_Records supplied:_

==============================

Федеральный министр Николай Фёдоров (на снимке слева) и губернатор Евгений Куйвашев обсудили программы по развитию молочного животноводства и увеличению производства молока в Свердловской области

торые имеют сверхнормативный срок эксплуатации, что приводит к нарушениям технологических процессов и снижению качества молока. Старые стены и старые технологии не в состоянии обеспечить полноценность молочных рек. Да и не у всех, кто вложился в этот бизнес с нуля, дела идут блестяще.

==============================

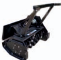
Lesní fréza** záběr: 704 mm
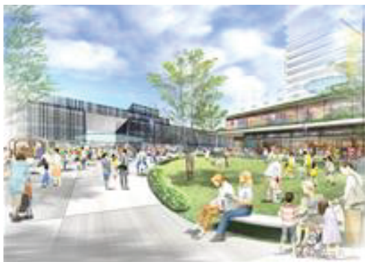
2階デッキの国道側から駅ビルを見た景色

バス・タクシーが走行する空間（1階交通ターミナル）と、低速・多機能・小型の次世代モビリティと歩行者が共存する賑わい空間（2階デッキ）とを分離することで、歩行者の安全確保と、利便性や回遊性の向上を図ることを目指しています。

==============================

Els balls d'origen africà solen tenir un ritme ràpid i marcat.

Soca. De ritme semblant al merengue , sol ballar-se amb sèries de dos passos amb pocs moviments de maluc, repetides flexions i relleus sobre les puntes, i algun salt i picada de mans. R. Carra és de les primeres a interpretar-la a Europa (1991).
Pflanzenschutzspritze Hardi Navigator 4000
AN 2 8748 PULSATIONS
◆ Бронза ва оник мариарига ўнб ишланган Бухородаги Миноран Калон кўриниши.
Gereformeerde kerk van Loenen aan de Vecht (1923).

==============================

_Task statement:_ Among the entries above, copy exactly only the lines starting with the one containing "Els balls d'origen" and going through the one containing "Gereformeerde kerk van", both ends included.

_Completed task:_
Els balls d'origen africà solen tenir un ritme ràpid i marcat.

Soca. De ritme semblant al merengue , sol ballar-se amb sèries de dos passos amb pocs moviments de maluc, repetides flexions i relleus sobre les puntes, i algun salt i picada de mans. R. Carra és de les primeres a interpretar-la a Europa (1991).
Pflanzenschutzspritze Hardi Navigator 4000
AN 2 8748 PULSATIONS
◆ Бронза ва оник мариарига ўнб ишланган Бухородаги Миноран Калон кўриниши.
Gereformeerde kerk van Loenen aan de Vecht (1923).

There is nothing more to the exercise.